Print the records below from the first line through the line containing "Pour rendre hommage", both included, word for word.

*** Records for this task Section Begins ***

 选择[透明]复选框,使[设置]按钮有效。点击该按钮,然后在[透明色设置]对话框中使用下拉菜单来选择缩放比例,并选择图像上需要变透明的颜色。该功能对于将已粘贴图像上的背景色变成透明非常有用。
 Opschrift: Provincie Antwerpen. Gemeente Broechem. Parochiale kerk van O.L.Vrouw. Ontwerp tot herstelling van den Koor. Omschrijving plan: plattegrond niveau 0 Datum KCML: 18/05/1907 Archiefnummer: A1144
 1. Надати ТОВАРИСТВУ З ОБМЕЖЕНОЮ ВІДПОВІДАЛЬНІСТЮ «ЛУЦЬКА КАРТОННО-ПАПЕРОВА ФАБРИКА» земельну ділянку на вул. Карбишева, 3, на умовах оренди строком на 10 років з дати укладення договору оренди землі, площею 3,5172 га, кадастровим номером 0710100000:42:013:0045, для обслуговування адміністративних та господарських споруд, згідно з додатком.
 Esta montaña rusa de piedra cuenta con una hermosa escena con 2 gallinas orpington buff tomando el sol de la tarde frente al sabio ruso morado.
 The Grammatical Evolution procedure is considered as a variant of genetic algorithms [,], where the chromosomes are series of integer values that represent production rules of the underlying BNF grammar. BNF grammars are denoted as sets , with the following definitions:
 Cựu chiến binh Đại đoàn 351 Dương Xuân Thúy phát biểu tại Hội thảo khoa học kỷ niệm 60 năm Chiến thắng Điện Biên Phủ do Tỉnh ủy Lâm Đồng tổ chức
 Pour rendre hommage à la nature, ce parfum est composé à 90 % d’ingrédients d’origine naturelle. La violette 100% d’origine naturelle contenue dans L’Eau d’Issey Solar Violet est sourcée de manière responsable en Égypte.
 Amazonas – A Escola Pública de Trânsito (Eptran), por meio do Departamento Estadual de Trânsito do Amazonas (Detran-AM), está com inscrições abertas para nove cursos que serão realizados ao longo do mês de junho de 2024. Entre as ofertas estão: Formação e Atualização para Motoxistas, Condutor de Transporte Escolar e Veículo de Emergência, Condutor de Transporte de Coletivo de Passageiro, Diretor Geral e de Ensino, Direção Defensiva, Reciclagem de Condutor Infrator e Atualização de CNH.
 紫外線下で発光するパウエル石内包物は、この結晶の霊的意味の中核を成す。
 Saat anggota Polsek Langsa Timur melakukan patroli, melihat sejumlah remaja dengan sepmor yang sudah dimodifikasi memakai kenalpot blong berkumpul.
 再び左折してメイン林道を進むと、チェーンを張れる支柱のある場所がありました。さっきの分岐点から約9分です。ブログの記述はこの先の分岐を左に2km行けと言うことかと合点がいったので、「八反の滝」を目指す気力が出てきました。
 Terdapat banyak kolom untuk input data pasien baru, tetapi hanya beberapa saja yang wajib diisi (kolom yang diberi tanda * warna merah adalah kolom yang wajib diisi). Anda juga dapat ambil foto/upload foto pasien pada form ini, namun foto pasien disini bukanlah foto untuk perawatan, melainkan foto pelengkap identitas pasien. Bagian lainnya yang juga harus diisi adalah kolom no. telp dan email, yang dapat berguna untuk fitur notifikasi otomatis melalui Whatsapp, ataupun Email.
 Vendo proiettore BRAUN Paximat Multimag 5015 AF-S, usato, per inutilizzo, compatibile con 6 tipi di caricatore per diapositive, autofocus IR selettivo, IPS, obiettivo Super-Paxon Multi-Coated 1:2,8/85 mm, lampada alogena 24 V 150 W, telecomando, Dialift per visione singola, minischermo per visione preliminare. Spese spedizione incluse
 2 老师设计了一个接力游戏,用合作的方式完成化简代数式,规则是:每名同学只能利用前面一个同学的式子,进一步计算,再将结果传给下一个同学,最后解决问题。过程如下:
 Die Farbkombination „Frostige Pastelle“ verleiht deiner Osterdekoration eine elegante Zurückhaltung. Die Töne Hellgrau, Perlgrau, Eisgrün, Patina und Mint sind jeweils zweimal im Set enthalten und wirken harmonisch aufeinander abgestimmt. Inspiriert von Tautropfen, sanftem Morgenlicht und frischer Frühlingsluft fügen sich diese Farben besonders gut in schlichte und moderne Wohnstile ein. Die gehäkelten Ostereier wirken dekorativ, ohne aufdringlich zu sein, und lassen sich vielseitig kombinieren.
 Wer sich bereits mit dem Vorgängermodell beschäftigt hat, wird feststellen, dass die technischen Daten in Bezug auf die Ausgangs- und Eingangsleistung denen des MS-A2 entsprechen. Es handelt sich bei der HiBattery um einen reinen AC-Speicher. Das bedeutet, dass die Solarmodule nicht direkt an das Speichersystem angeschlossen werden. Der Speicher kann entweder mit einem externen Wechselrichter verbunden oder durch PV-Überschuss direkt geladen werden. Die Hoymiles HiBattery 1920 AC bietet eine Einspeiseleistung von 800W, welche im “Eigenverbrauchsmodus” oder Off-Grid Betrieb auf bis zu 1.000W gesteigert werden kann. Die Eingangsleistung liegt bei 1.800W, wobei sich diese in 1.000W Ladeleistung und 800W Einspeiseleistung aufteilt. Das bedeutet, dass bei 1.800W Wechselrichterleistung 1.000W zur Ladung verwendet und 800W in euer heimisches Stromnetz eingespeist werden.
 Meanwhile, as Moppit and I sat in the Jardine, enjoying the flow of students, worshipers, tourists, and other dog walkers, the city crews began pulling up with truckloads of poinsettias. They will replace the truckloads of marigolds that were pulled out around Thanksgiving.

*** Records for this task Section Ends ***

» Answer box:
 选择[透明]复选框,使[设置]按钮有效。点击该按钮,然后在[透明色设置]对话框中使用下拉菜单来选择缩放比例,并选择图像上需要变透明的颜色。该功能对于将已粘贴图像上的背景色变成透明非常有用。
 Opschrift: Provincie Antwerpen. Gemeente Broechem. Parochiale kerk van O.L.Vrouw. Ontwerp tot herstelling van den Koor. Omschrijving plan: plattegrond niveau 0 Datum KCML: 18/05/1907 Archiefnummer: A1144
 1. Надати ТОВАРИСТВУ З ОБМЕЖЕНОЮ ВІДПОВІДАЛЬНІСТЮ «ЛУЦЬКА КАРТОННО-ПАПЕРОВА ФАБРИКА» земельну ділянку на вул. Карбишева, 3, на умовах оренди строком на 10 років з дати укладення договору оренди землі, площею 3,5172 га, кадастровим номером 0710100000:42:013:0045, для обслуговування адміністративних та господарських споруд, згідно з додатком.
 Esta montaña rusa de piedra cuenta con una hermosa escena con 2 gallinas orpington buff tomando el sol de la tarde frente al sabio ruso morado.
 The Grammatical Evolution procedure is considered as a variant of genetic algorithms [,], where the chromosomes are series of integer values that represent production rules of the underlying BNF grammar. BNF grammars are denoted as sets , with the following definitions:
 Cựu chiến binh Đại đoàn 351 Dương Xuân Thúy phát biểu tại Hội thảo khoa học kỷ niệm 60 năm Chiến thắng Điện Biên Phủ do Tỉnh ủy Lâm Đồng tổ chức
 Pour rendre hommage à la nature, ce parfum est composé à 90 % d’ingrédients d’origine naturelle. La violette 100% d’origine naturelle contenue dans L’Eau d’Issey Solar Violet est sourcée de manière responsable en Égypte.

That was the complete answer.